The average HFC for Australia was 3.73 against the CRC’s target of 3.4.
“Australia was competitive with the US, Canada and Denmark and better than the UK, with the Netherlands leading the pack,” Dr Roger Campbell told FeedNavigator back then.
Involving some 23 herds and 80,000 sows, the benchmarking project compares the performance of participants in key areas.
“Participants compare how each is doing and who made the greatest improvements over the 12 months and over a longer period of time. They openly discuss how they made the progress they did. We also use the results to compare where the Australian industry sits globally,” explained Dr Campbell.
He said that Australian pork producers were competitive for feed efficiency, but that it was a key performance indicator that had “unfortunately” remained static for some time and was “well below the capability of available genetics”.
For example, the average feed: gain between weaning and sale (100kg) for Australian producers in the project was 2.4 (on a live weight basis), against a target of 2.0.

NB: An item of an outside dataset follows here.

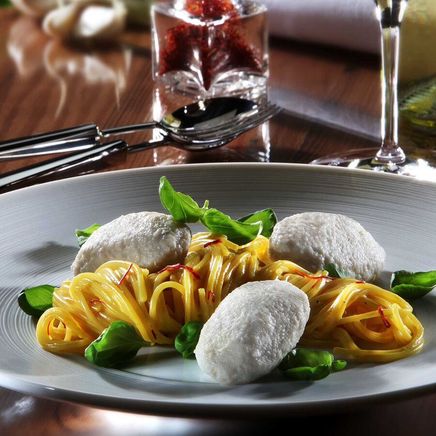 Quenelles de poisson dans une sauce au safran avec des Spaghettini

However, he cited research results that have shown that the feed: gain of pigs between 38 and 100kg is only 3.8 for females. The latter equates to a feed: gain between weaning and sale of closer to 2.0 than 2.4 and to an HFC close to the target of 3.4, said Dr Campbell.
Bridging the gap
Explaining the disparity between research results and commercial reality, he said: “Our genetics are excellent and very efficient but this efficiency is not being achieved commercially. The reason is probably multi-faceted and includes feed wastage, clinical and sub clinical disease, activation of the immune system, overstocking for short periods as pigs approach sale weight and pigs being below and - to a lesser extent - above their thermoneutral zones.”

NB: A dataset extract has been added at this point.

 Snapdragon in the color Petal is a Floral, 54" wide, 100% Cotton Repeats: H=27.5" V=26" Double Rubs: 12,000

The best herds in the benchmarking project reported feed: gains between weaning and sale of 2.0 and HFC values closer to 3.4 than 3.7, which Dr Campbell said “can be done”.
He suggested that improving feed efficiency was “probably largely a matter of fully understanding the importance of HFC in determining profitability, setting a target for all involved and paying more attention to detail”.
This article was modified on Wednesday May 9 to include the comments on the lack of feed proposals from APRIL interim CEO, Roger Campbell.